3. the one-piece package structure thermoelectric device of claim 1,

the thermoelectric component is selected from Bi-Te based alloy, Pb-Te based alloy, CoSb₃A single-stage component, a multi-stage component or a cascade component composed of one or more thermoelectric materials selected from the group consisting of skutterudite, Mg-Si-based alloys, diamond-like compounds, Half-Heusler alloys, SiGe-based alloys, and Ziegler phase compounds.

4. The one-piece package structure thermoelectric device of claim 1,

the insulation resistance of the insulation layer is more than or equal to 1M omega, wherein the thickness of the insulation layer at the high-temperature end side is less than or equal to 0.2mm, and the thickness of the insulation layer at the low-temperature end side is less than or equal to 0.5 mm.
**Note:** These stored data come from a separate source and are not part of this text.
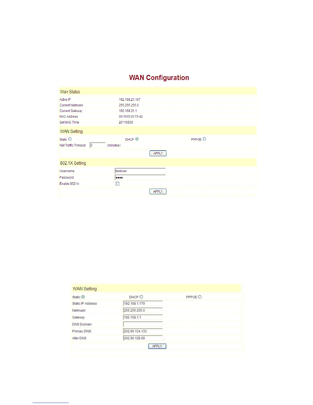 802.1x Setting: when you enable the 802.1x, after the authentication
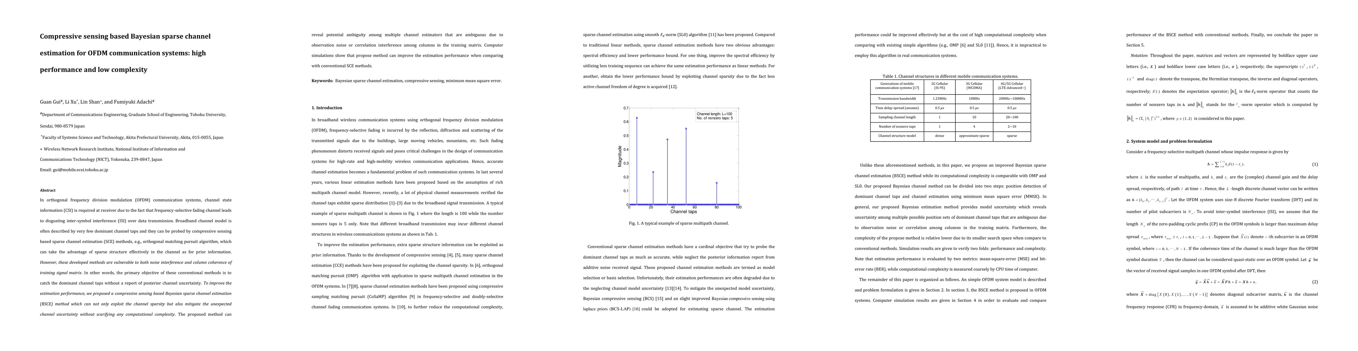 This paper proposes a compressive sensing based Bayesian sparse channel estimation (BSCE) method for OFDM systems to improve channel estimation performance by exploiting channel sparsity and mitigating uncertainty without increasing computational complexity. Simulation results show that BSCE outperforms conventional sparse channel estimation methods.
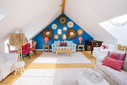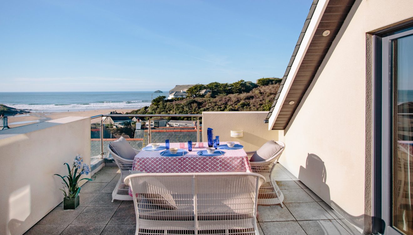The living space on the top floor is flooded with natural daylight, with a vast window making the most of the view across the Atlantic towards Pentire Point and beyond. Throw open the doors to the balcony and let ocean swells and dreamy sunsets form your holiday backdrop. If you can pull yourself away from the view, the table football table is sure to provide hours of holiday entertainment.

5. The one-piece package structure thermoelectric device of claim 1,

the buffer layer is one or more selected from foamed Ni, foamed Ti, foamed Cu and graphite paper, and the thickness is less than or equal to 0.3 mm.

6. the one-piece package structure thermoelectric device of claim 1,

The upper cover and the bottom plate are both made of Fe-based alloy, Ni-based alloy or Co-based alloy materials;

The thickness of the upper cover is 0.05 mm-0.5 mm, and the thickness of the bottom plate is 0.05 mm-0.5 mm.

7. The one-piece package structure thermoelectric device of claim 1,

the output sensor includes: the thermoelectric module comprises a base used for being assembled and fixed with the bottom plate, an output electrode used for being electrically connected with the thermoelectric module, and an insulating sleeve arranged between the base and the output electrode.

8. A method for preparing the integrally packaged structure thermoelectric device according to any one of claims 1 to 7, comprising:

preparing insulating layers arranged on the high-temperature end side and the low-temperature end side of the thermoelectric module;

placing a buffer layer on the high-temperature end side;

Connecting the positive and negative terminals of the thermoelectric assembly with the output electrode of the output sensor; and

assembling the thermoelectric assembly and the output sensor on a bottom plate, covering an upper cover, and welding and sealing the upper cover and the bottom plate, and the output sensor and the bottom plate in a vacuum or inert gas environment,

Before the sealing, a heat insulating material is filled in the inner gap and the vicinity of the periphery of the thermoelectric module.